++++ Input records

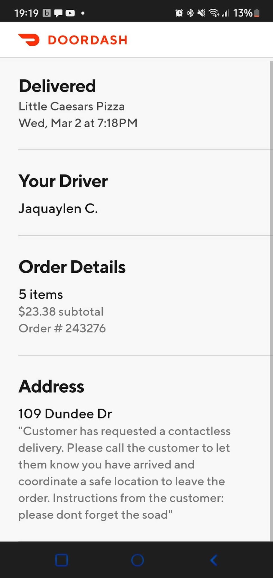 Read moreThis is the 4th time we have ordered in the last few months. Our food is always delivered by door dash. Every single time the driver forgets the drinks. Not a big deal, most times we ignore it and this time the driver offered to go get it. Super nice driver. This time AND the time before, our food was raw. I called the last time we ordered online and the driver refused to get our drinks and the manager said he couldn't do anything because we ordered online unless we wanted to go in. The point of ordering was so we wouldn't have to drive. I pushed hard enough and they said they would mail coupons which never happened. I am not going to waste my time again with calling in and will NEVER go there again. You can clearly see in the picture the cheese was solid and the dough is not cooked AT...
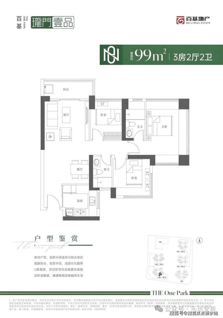99㎡的3房2厅2卫,设计的是经典竖厅格局,进门入户玄关,客厅3.9米开间,LDKB一体化设计,动静分区,四开间朝南,主卧三面飘窗,U型厨房,卫生间干湿分离,得房率:71.29%(不含赠送),东南朝向。
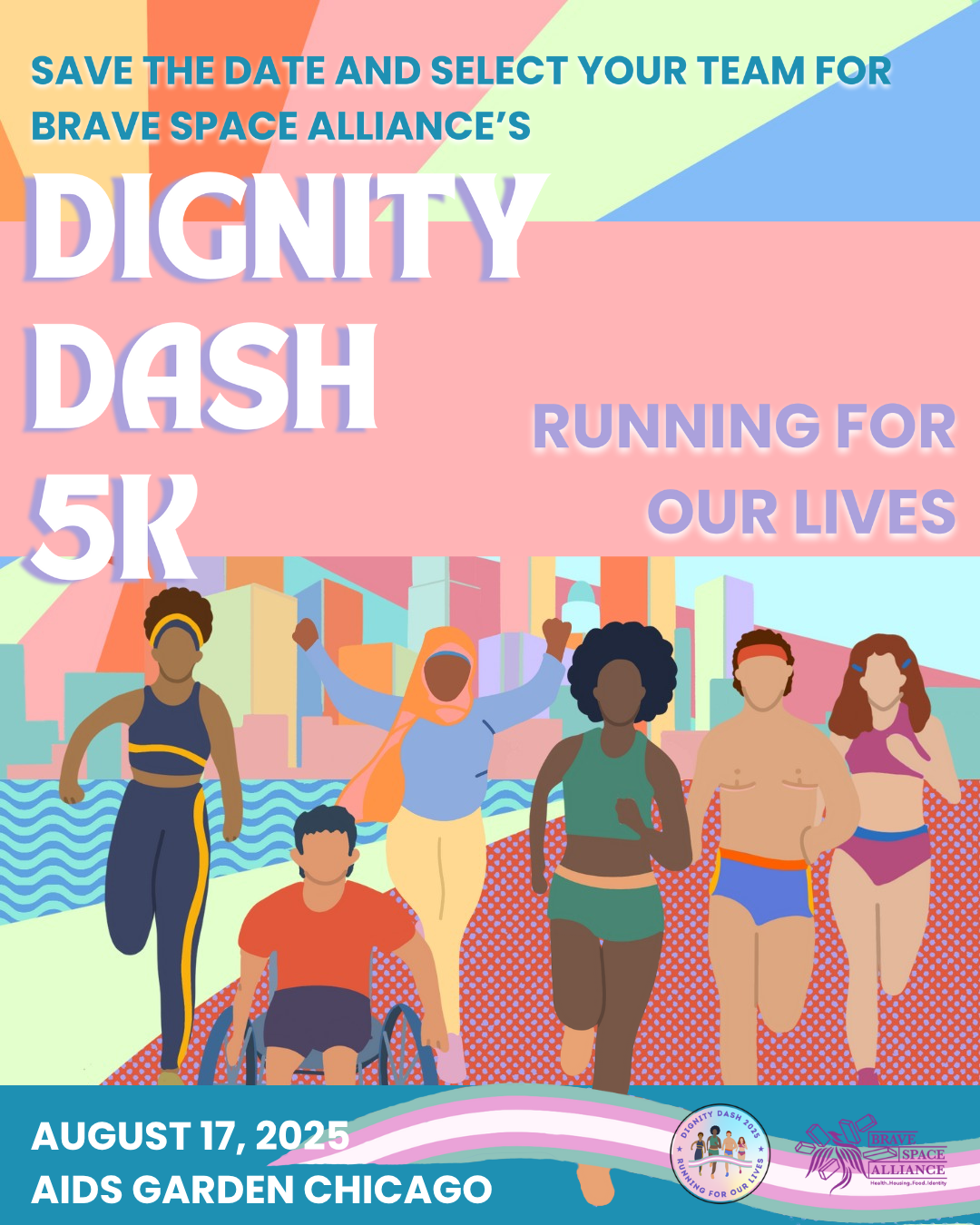 On August 17th, Brave Space Alliance is hosting The Dignity Dash: “Running for Our Lives” 5K at AIDS Garden Chicago—a day of remembrance, resilience, and radical care.
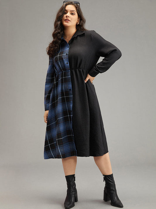 Plaid Patchwork Button Through Pocket Dress
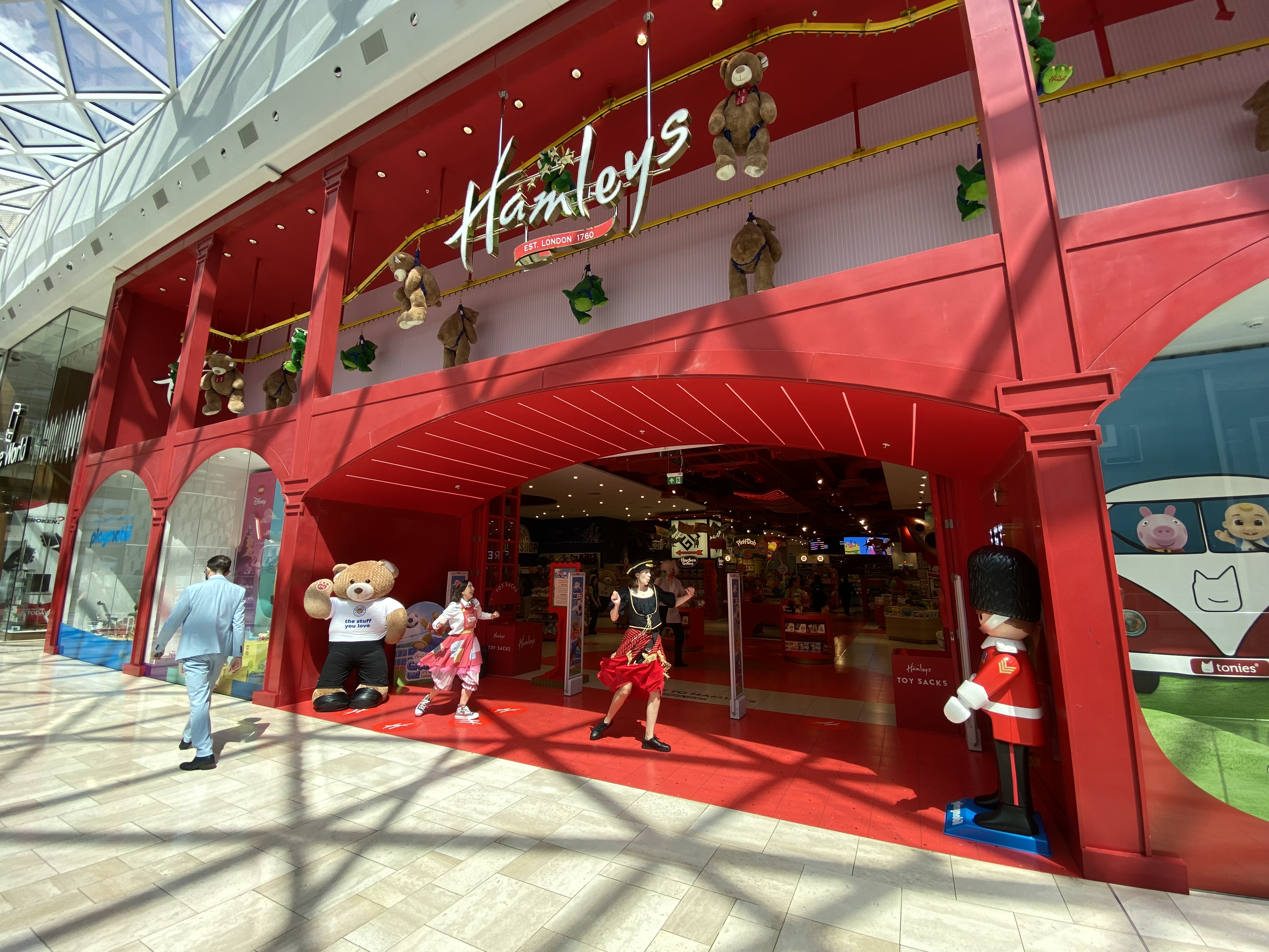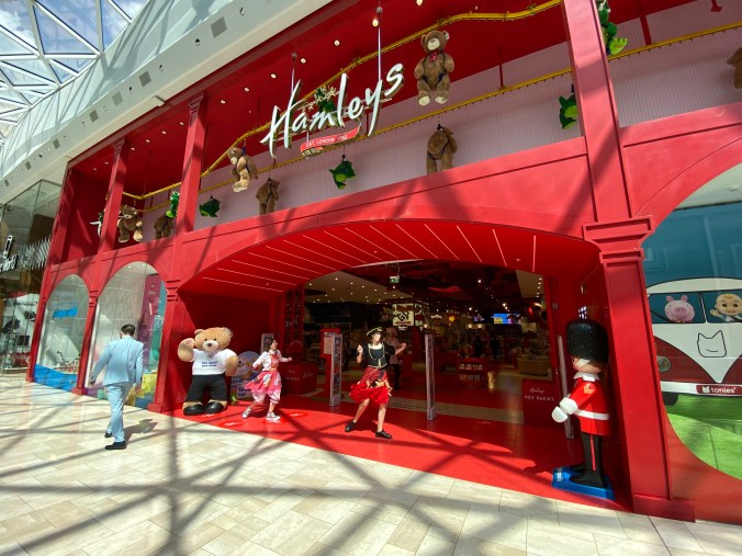 Es musste noch Geld getauscht und ein paar Geschenke besorgt werden für die eintreffenden Kinder. Die stehen auf Quatsch, wohingegen die Eltern pädagogisch Wertvolles vorziehen. Wo bekommt man im noblen Kensington billig aussehende Plastikgeschenke, die an der Decke kleben bleiben oder quietschen? An der Rezeption weiß man Bescheid. Im Westfield Center bekommt man alles.

++++++++

Take the lines from the one holding "99㎡的3房2厅2卫,设计的" through the final line of the records above and output them exactly, both ends included, excluding pictures.

99㎡的3房2厅2卫,设计的是经典竖厅格局,进门入户玄关,客厅3.9米开间,LDKB一体化设计,动静分区,四开间朝南,主卧三面飘窗,U型厨房,卫生间干湿分离,得房率:71.29%(不含赠送),东南朝向。
 On August 17th, Brave Space Alliance is hosting The Dignity Dash: “Running for Our Lives” 5K at AIDS Garden Chicago—a day of remembrance, resilience, and radical care.
 Plaid Patchwork Button Through Pocket Dress
 Es musste noch Geld getauscht und ein paar Geschenke besorgt werden für die eintreffenden Kinder. Die stehen auf Quatsch, wohingegen die Eltern pädagogisch Wertvolles vorziehen. Wo bekommt man im noblen Kensington billig aussehende Plastikgeschenke, die an der Decke kleben bleiben oder quietschen? An der Rezeption weiß man Bescheid. Im Westfield Center bekommt man alles.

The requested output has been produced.